Now she was caught entirely off guard. I could tell she thought I was playing a game with her. Her droopy eyes narrowed, but it was a moment before she spoke again, "The owner wants cash, you understand," she said far more sharply than before, "He'll want payment immediately."

"That's not a problem," I said, shrugging my backpack off of my shoulders. I unzipped the bag and made a show of displaying a couple of the stacks of money stashed inside. "Can I bring it to him now? I'd like to move in as soon as possible."

Her cheeks flushed with color. "What is this?"

I smiled, "What do you mean?"

"Who are you?" she cocked her head. She was backing away slowly now, and I realized I had probably scared her.

I put the backpack down on the hard wood and raised my hands defensively. "Oh, no. Please, I'm sorry. I didn't mean to make you uncomfortable. I know it's quite a bit more cash then people are used to seeing. But I brought it with me so that I could make a home purchase immediately."

She bit her lip, glancing down at my backpack, "You didn't... you didn't rob a bank or something?" she asked.

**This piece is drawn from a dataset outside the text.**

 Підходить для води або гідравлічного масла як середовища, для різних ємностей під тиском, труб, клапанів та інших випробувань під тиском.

I laughed, "Oh, no, nothing like that. I just come from a wealthy family, and my father always instilled in me the value of paying in cash."

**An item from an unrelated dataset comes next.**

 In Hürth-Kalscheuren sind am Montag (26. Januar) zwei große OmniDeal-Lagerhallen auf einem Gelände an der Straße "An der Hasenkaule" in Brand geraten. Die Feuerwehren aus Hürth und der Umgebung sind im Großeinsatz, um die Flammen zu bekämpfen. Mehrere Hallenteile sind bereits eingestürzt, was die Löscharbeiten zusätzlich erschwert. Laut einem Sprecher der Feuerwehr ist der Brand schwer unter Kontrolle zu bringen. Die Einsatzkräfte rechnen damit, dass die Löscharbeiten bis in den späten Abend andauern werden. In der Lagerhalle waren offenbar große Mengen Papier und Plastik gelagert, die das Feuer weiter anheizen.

She didn't look terribly convinced, but she relaxed a little. Then she pasted on the best fake grin she could muster. "I'll call the owner and draw up the paperwork."

I nodded and picked up my backpack, slinging it back over my shoulder. I turned back to the window and peered out, down onto the streets so very far below. It was raining now. Droplets pelted the window harder and harder. I placed my hand on the cold glass and pressed my forehead against it, closing my eyes, feeling the vibrations of the rain on the smooth surface. I pictured her hand on my cheek, her eyelashes in the light, not heavy and coated with black like this woman's, but light and wispy, barely visible against her skin.

Where are you Wild?

I thought of her face staring down at me from the ship. Then his voice came to me, my father, the last words I hear from him echoing in the back of my mind for the first time in a long time: "I won't have to worry about her. She's long dead. But if I find you, I will kill you. All because of that little primitive."

"I am a wild little primitive," she used to laugh and say. But I didn't like the word, and I didn't like the way he had said it, with so much hate his eyes glowed with it. 

Thunder sounded somewhere distant, and my eyes shot open.

Another clap of thunder shot through the skies, and I looked up to see the lightening flashing through the clouds. I felt like God himself was warning me that, just like the men who were constructing the tower of babel, my father was playing with something he did not understand.